Shibayama-Imazu Toshiko, Masuda Yutaka, Shinki Toshimasa, Nakajo Shigeo, Nakaya Kazuyasu
Laboratory of Biological Chemistry, School of Pharmaceutical Sciences, Showa University, Tokyo 142-8555, Japan.
Anticancer Res. 2007 Jan-Feb;27(1A):245-9.
It has been previously demonstrated that bufalin, an active agent in the Chinese medicine chan'su, induces apoptosis in human leukemia cells by altering the expression of apoptosis-related genes, such as bcl-2 and c-myc. Tiam1 was also found to play a critical role in bufalin-induced apoptosis through the activation of the Rac1, PAK and JNK pathway in human leukemia cell lines. In the present study, the involvement of the Tiam1 gene products in bufalin-induced apoptosis in human solid tumor HeLa cells was examined.

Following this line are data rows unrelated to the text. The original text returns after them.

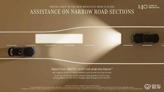 新款奔驰S级配备了品牌最新一代的Digital Light系统,每个大灯包含25,000个微型LED灯,两个大灯共有50,000个LED。
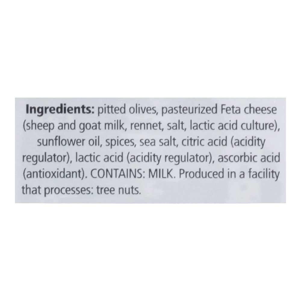 Pitted Olives, Pasteurized Feta Cheese (Sheep and Goat Milk, Rennet, Salt, Lactic Acid Culture), Sunflower Oil, Spices, Sea Salt, Citric Acid (Acidity Regulator), Lactic Acid (Acidity Regulator), Asco…
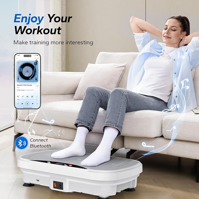 - Advanced Features for Your Convenience: Elevate your workout sessions with premium features designed to inspire and motivate. The vibration plate comes equipped with 2 pull rope to enhance upper-body exercises, an easy-to-use remote for seamless control, and a clear LED display for progress tracking. For added enjoyment, the built-in Bluetooth speaker lets you play your favorite music, transforming every workout into an engaging and energizing experience
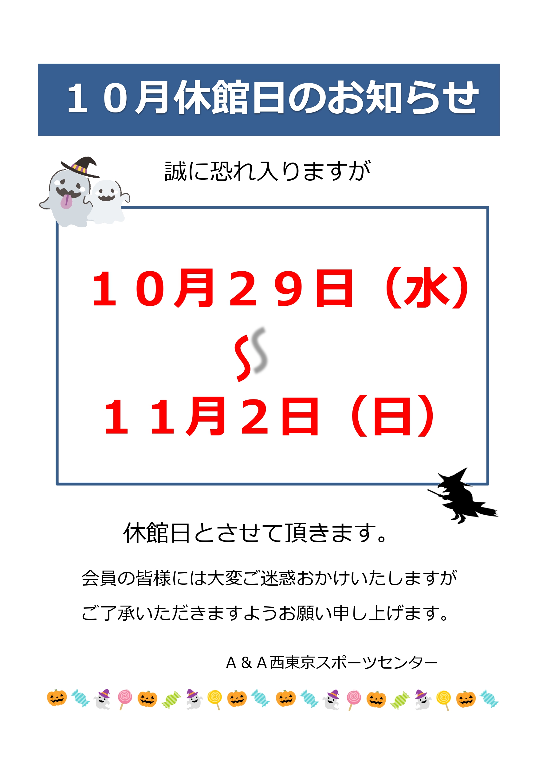 10月、11月休館日のお知らせ
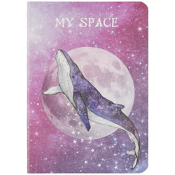 Записная книжка формата А7 30 листов в клетку "My space" сшивка, тонировальный блок. Небольшая и красивая записная книжка с китом в космосе и луной на обложке. В записной книжке листы нежно бежевого оттенка. Такой подарок ребенку непременно понравится. Покупкой я довольна, и поэтому рекомендую приобрести такую же записную книжку, всем любителям красивых блокнотиков.
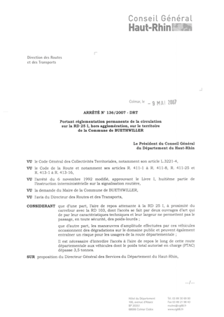 portant réglementation permanente de la circulation sur la RD 25 I, hors agglomération, sur le territoire de la commune de BUETHWILLER. Resumé Pièces jointes ARRETE Assemblée : Non défini Date : 09/05/2007 Rapporteur : Non défini Collectivité : Conseil départemental du Haut-Rhin Direction : Non défini Service : Direction des Routes Domaine : Circulation Commission :
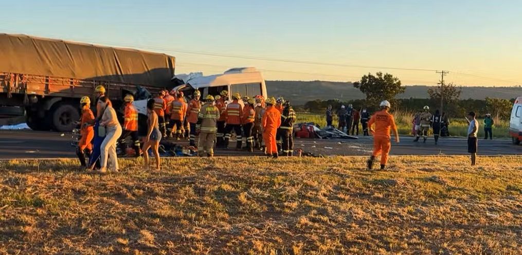 Um acidente entre um caminhão e uma van na BR-020, perto da divisa entre o Distrito Federal e Formosa (GO), deixou cinco mortos e 11 feridos, na madrugada desta terça-feira, 17.
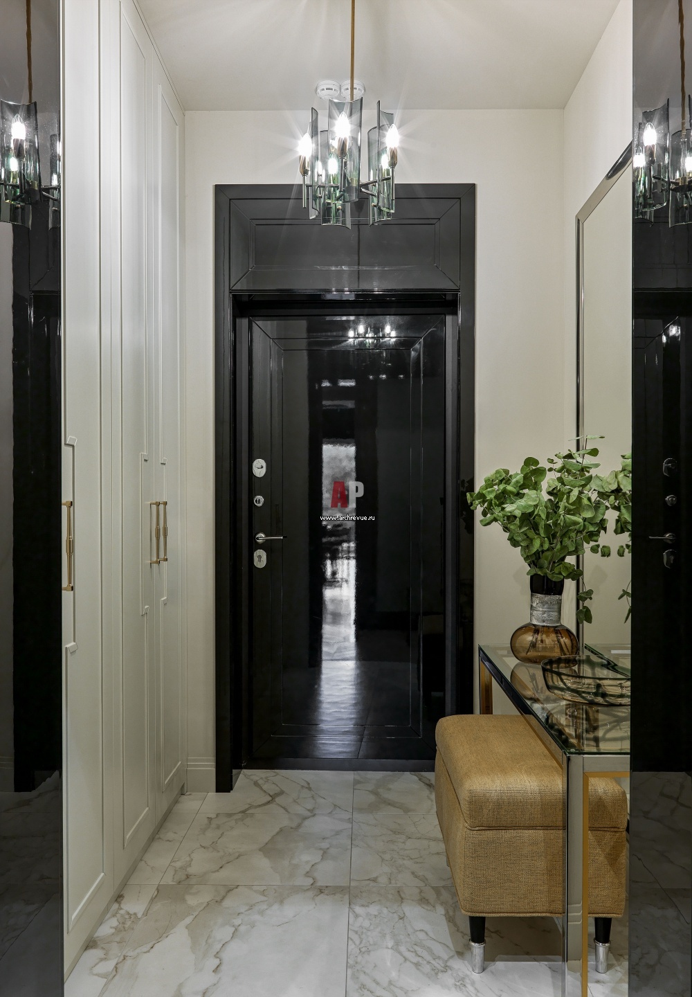 Московская квартира с европейским декором. Интерьер прихожей. Парадный настрой в интерьере создают межкомнатные двери с высокими фрамугами из черного дерева с суперглянцем. На полу – керамогранит, Casalgrande Padana, коллекция Marmoker, Statuario Grigio.
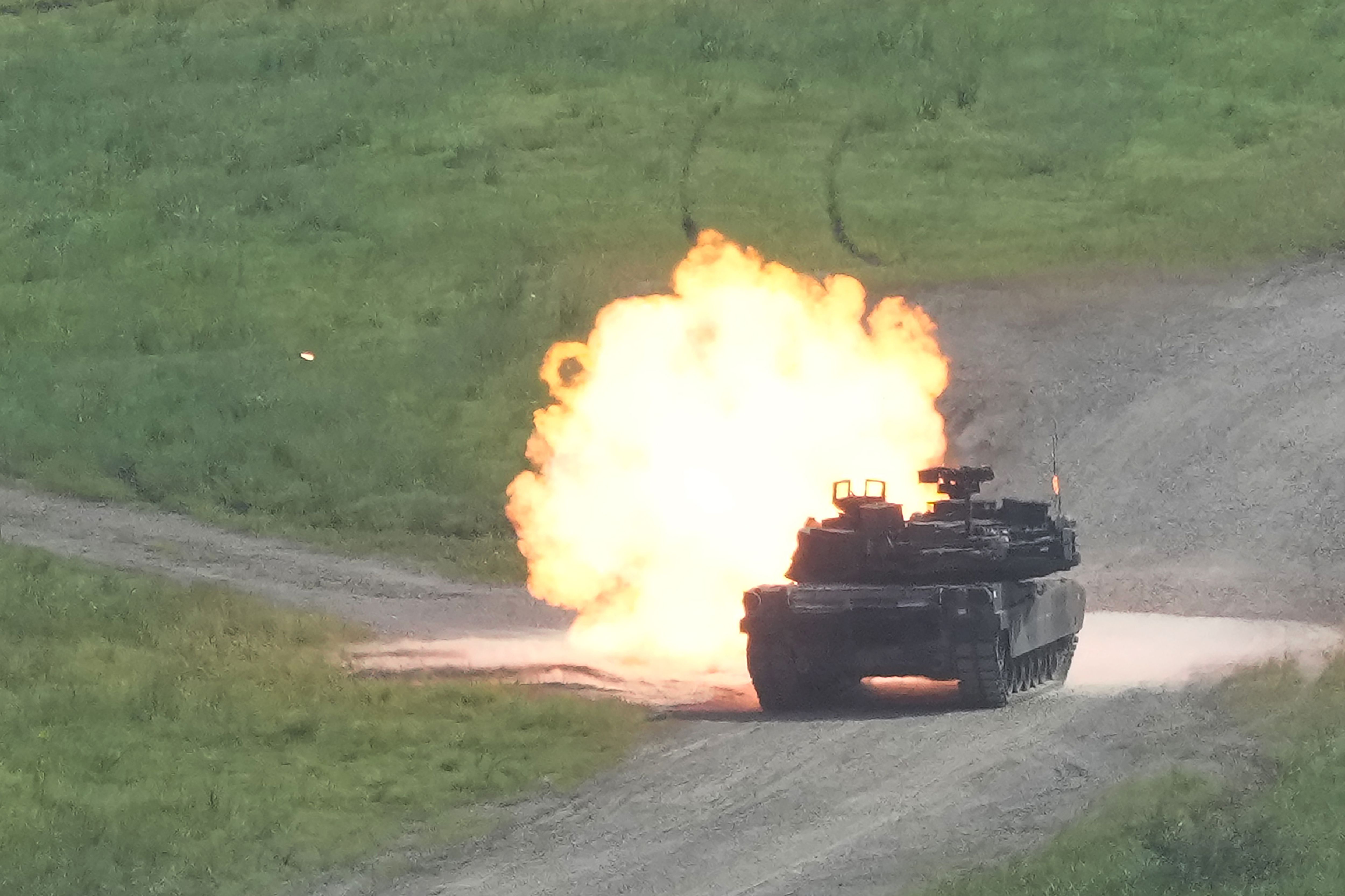 A U.S. Army's M1A2 Abrams tank from the 1st Armored Brigade Combat Team fires during a live firing drill at Rodriguez Live Fire Complex in Pocheon, South Korea, Wednesday, August 14, 2024. (Photo by Ahn Young-joon/AP Photo)
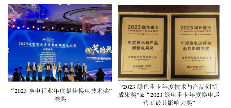 2023年12月23日,許繼攜智能重卡換電站入圍由中國充電樁網(wǎng)與充換電百人會聯(lián)合主辦的“2023中國換電行業(yè)年度品牌”評選,榮獲“2023換電行業(yè)年度最佳換電技術(shù)獎”;入圍中國電車資源主辦的“中國新能源物流車2023綠色城配&綠色重卡年度品牌”評選,榮獲“2023綠色重卡年度技術(shù)與產(chǎn)品創(chuàng)新成果獎”和“2023綠電重卡年度換電運營商最具影響力獎”。

HeLa cells were treated with 10(-8) M bufalin and apoptosis was measured by ELISA quantification of nucleosomes. Tiam1 mRNA levels were quantified by real-time PCR analysis and inhibited by transfected siRNA specific for Tiam1.
Apoptosis was induced in HeLa cells by treatment with 10(-8) M bufalin. Expression of both Tiam1 mRNA and its protein was induced 0.5 h after the start of the bufalin treatment. Transfection of Tiam1-specific siRNA into HeLa cells markedly inhibited bufalin-induced apoptosis.
Our results suggest that Tiam1 is a downstream mediator of bufalin-induced apoptosis in the human solid tumor HeLa cell line, as well as in leukemia cell lines.
先前已证明,中药蟾酥中的活性成分蟾毒灵通过改变凋亡相关基因(如bcl-2和c-myc)的表达来诱导人白血病细胞凋亡。还发现Tiam1通过激活人白血病细胞系中的Rac1、PAK和JNK途径在蟾毒灵诱导的凋亡中起关键作用。在本研究中,检测了Tiam1基因产物在蟾毒灵诱导人实体瘤HeLa细胞凋亡中的作用。
用10^(-8) M蟾毒灵处理HeLa细胞,通过ELISA定量核小体来检测凋亡。通过实时PCR分析定量Tiam1 mRNA水平,并通过转染针对Tiam1的特异性siRNA来抑制其表达。
用10^(-8) M蟾毒灵处理HeLa细胞可诱导凋亡。蟾毒灵处理开始后0.5小时,Tiam1 mRNA及其蛋白的表达均被诱导。将Tiam1特异性siRNA转染到HeLa细胞中可显著抑制蟾毒灵诱导的凋亡。
我们的结果表明,Tiam1是蟾毒灵诱导人实体瘤HeLa细胞系以及白血病细胞系凋亡的下游介质。